5.12 No Burdensome Restrictions.
Except as disclosed in the Offering Memorandum, the Company
is not a party to or bound by any Contractual Obligation, or subject to any
Requirement of Law, which would reasonably be expected to have a Material
Adverse Effect.
5.13 Subsidiaries.
The Company has no Subsidiaries and has no equity
investments in any other Person.
5.14 Insurance.
The properties of the Company are insured with financially
sound and reputable insurance companies not Affiliates of the Company, in
such amounts, with such deductibles and covering such risks as are
customarily carried by companies engaged in similar businesses and owning
similar properties in localities where the Company operates, it being
understood, however, that the Company does not maintain insurance in
respect of standing timber.
5.15 Full Disclosure.
None of the representations or warranties made by the
Company in the Operative Documents as of the date such representations and
warranties are made or deemed made, and none of the statements contained in
any exhibit, report, statement or certificate furnished by or on behalf of
the Company in connection with the Operative Documents (including the
Offering Memorandum) contain any untrue statement of a material fact or
collectively omit any material fact necessary to make the statements made
therein, in light of the circumstances under which they are made, not
misleading as of the time when made or delivered.
ARTICLE VI.
AFFIRMATIVE COVENANTS
So long as any Bank shall have any Commitment hereunder, or
any Advance or other Obligation shall remain unpaid or unsatisfied
6.1 Financial Statements.
The Company shall deliver to the Agent and each Bank, in
form and detail reasonably satisfactory to the Agent and the Required
Banks:
(a) as soon as available, but not later than 105 days after
the end of each fiscal year (commencing with the fiscal year ended December
31, 1998), a copy of the audited balance sheet of the Company as at the end
of such year and the related statements of income or operations and cash
flows for such year, setting forth in each case in comparative form the
figures for the previous fiscal year, and accompanied by the opinion of
Xxxxxx Xxxxxxxx LLP or another nationally-recognized independent public
accounting firm ("Independent Auditor") which report shall state that such
financial statements present fairly, in all material respects, the
financial position for the periods indicated in conformity with GAAP
applied on a basis consistent with prior years. Such opinion shall not be
qualified or limited because of a restricted or limited examination by the
Independent Auditor of any material portion of the Company's records;
(b) as soon as available, but not later than 60 days after
the end of each of the first three fiscal quarters of each fiscal year
(commencing with the fiscal quarter ended September 30, 1998), a copy of
the unaudited balance sheet of the Company as of the end of such quarter
and the related statements of income or operations and cash flows for the
period commencing on the first day and ending on the last day of such
quarter, and certified on behalf of the Company by a Responsible Officer as
fairly presenting in all material respects, in accordance with GAAP
(subject to ordinary, good faith year-end audit adjustments), the financial
position and the results of operations of the Company.

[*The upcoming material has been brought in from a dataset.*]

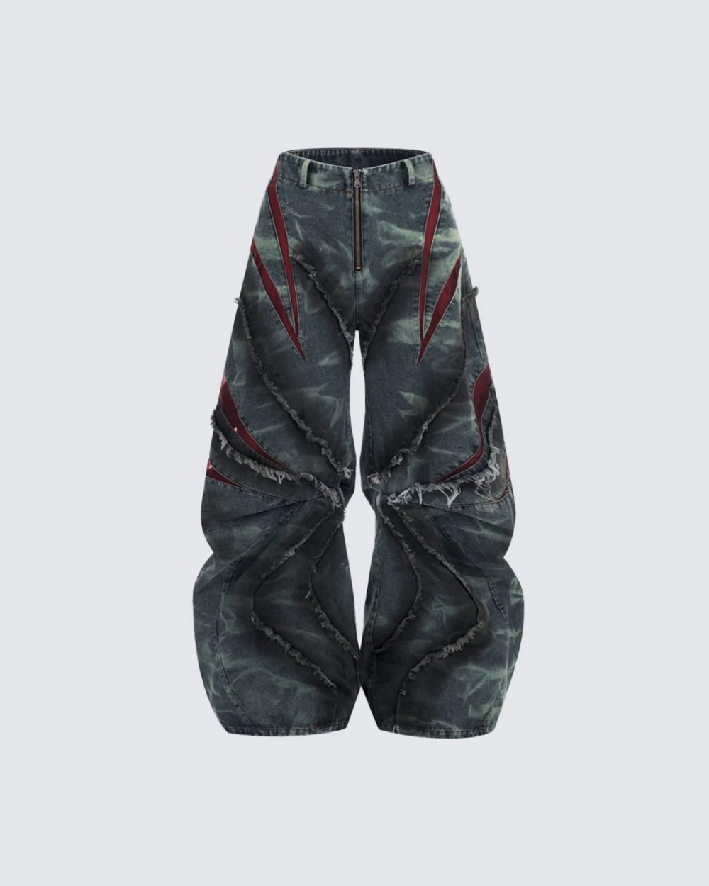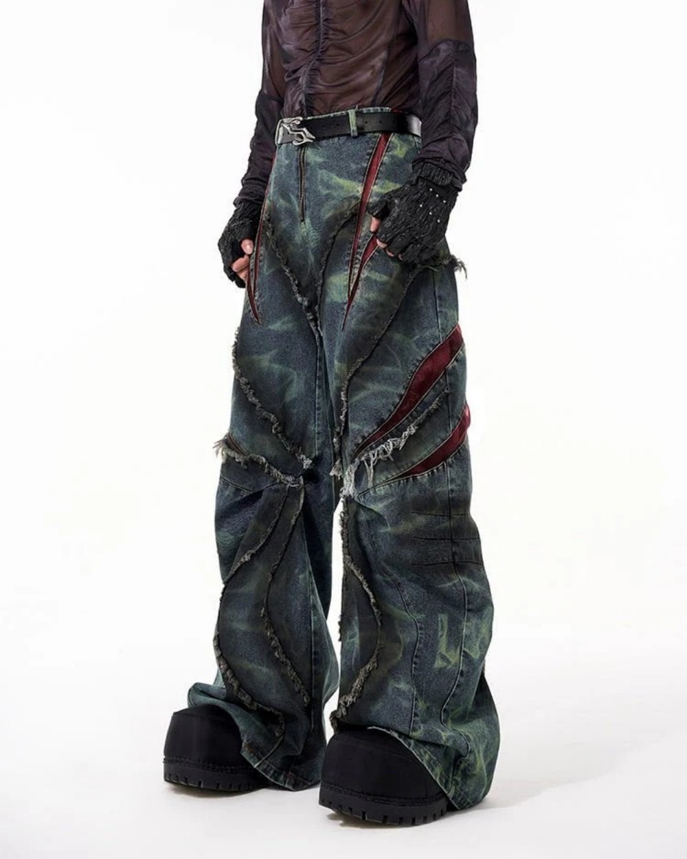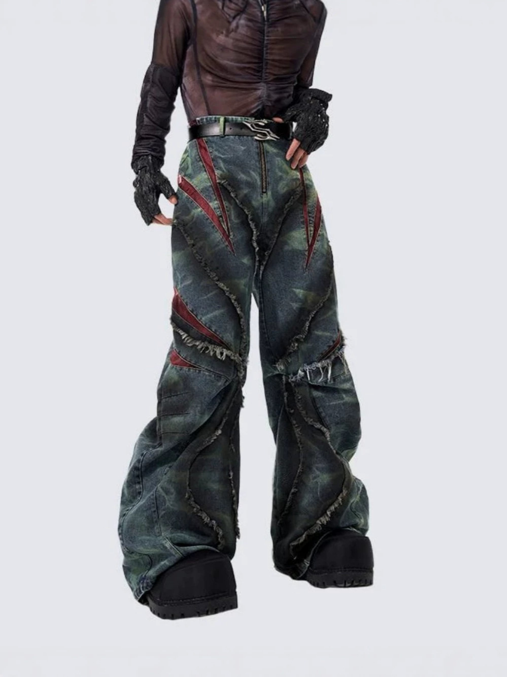 유럽과 미국의 하이 스트리트 헤비듀티 스노우플레이크 세이버 청바지 남성용 봄 로우 엣지 스플라이스 메쉬 와이드 레그 팬츠

6.2 Certificates; Other Information.
The Company shall furnish to the Agent and each Bank:
(a) promptly, copies of all audit reports and management
audit letters delivered by the Independent Auditor to the Company
(b) promptly, copies of all financial statements and
reports that the Company sends to the holders of the Timber Notes, and
copies of all financial statements and regular, periodical or special
reports (including Forms 10K, 10Q and 8K) that the Company may make to, or
file with, the SEC;
(c) on or before February 1 of each year, an annual timber
harvest report for the preceding calendar year substantially in the form of
Exhibit F;
(d) simultaneously with the giving of any notice or the
providing of any certificate, report or statement to the Trustee or the
Rating Agencies under the Operative Documents (including the compliance
certificate referenced in Section 4.6(b) of the Indenture), a copy of such
notice, certificate, report, or statement;
(e) promptly upon a Responsible Officer of the Company
becoming aware thereof, notice of each Indenture Event of Default and each
Triggering Event, and any event that, with the giving of notice or passage
of time, would constitute an Indenture Event of Default or Triggering
Event, together with a description thereof in reasonable detail; and
(f) promptly, such additional information regarding the
business, financial or corporate affairs of the Company as the Agent, at
the request of any Bank, may from time to time reasonably request.
6.3 Performance of This and Other Agreements.
Punctually pay or cause to be paid (subject to Section
2.10(d)) all amounts payable by it under this Agreement and the other
Operative Documents and observe and perform all the conditions, covenants,
and requirements applicable to it contained in this Agreement or any other
Operative Document.
ARTICLE VII.
NEGATIVE COVENANTS
So long as any Bank shall have any Commitment hereunder, or
any Advance or other Obligation shall remain unpaid or unsatisfied, the
Company shall not:
7.1 Amendments.
Unless the Required Banks waive compliance in writing,
modify, amend or supplement, or give any consent to any modification,
amendment, or supplement or make any waiver with respect to, any provision
of the Operative Documents, except in the case of Operative Documents other
than this Agreement, the Fee Letter, the Indenture, and the Deed of Trust,
for amendments, supplements, or modifications that (a) either (i) cure any
ambiguity, omission, defect or inconsistency or are necessary to comply
with the Trust Indenture Act of 1939, as amended, or (ii) add to the
covenants to the other party or parties thereto for the benefit of the
Company or the Noteholders or surrender any right or power conferred on
such other party or parties, and (b) do not adversely affect the rights of
the Agent or any Bank; provided, however, that the consent of Required
Banks to any such amendments, supplements, or modifications to the
Indenture or the Deed of Trust complying with the provisions of clauses (a)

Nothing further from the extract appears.